I agree with a little of what you say, some of it for slightly different reasons:
Huge Amounts of Pointless Time Sinks - I actually am not too bothered by the things you've brought up but I do have my own gripes about travel and also split zones. I don't like the thing of having to do 6 FATEs to upgrade chocobo speed. Namely, because the chocobo speed is so slow that getting to those FATEs before they're finished, with enough time to get gold on them, is a pain. IMO it would be better to have the faster speed from the off and maybe gate an Aether Current behind the first tier of Shared FATEs instead. This was compounded by split zones, where I would start heading to a FATE to find it was locked behind an invisible wall. One split zone per expansion at most in future is something I would like to see, if they must do them at all.

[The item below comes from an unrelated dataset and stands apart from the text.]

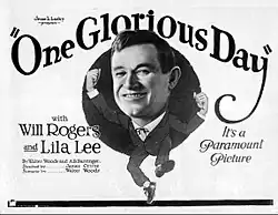 One Glorious Day is a lost[1][2] 1922 American silent fantasy comedy film directed by James Cruze and written by Barry Barringer and Walter Woods. The film stars Will Rogers, Lila Lee, Alan Hale, Sr., Johnny Fox, George Nichols, and Emily Rait. It was released on January 29, 1922, by Paramount Pictures.[3][4][5] Working titles included Ek, A Fighting Soul and Souls Before Birth.[6] Forrest J. Ackerman, the publisher of Famous Monsters of Filmland magazine, credited this film as being the one that "created his lifelong interest in science fiction and horror".[7]

Too Much Doom and Gloom - I actually think they did a great job of balancing things here. Yes, there are dark moments, bleak moments but it never descends into misery porn, which some games absolutely would have at that point. Garlemald in particular hits a couple of very dark moments but then we help reunite a family for instance. And isn't that the theme of EW, yes, there are bad times and bad things happen but also good times and good deeds? As to Zenos, I'll grant you that one. The last fight with him upset the pacing for me at that point. I would have also liked the option of simply walking away from him.
Dumb Dialogue - Whilst I felt there were a couple of cringey moments on other parts of the story, I don't think it was all that dumb. Garlemald in particular, it actually made sense. These were a proud people who were sure that a plan was in place that would see the empire rise again. Why would they accept that the "barbarians" who, in their eyes, had victimised them historically to the extent that they set forth and found Garlemald, suddenly want to help them? From their point of view, we were there to take advantage of the disaster that had struck them, trying to subjugate them again before they could regroup, spreading lies to make them think the situation was worse than it was.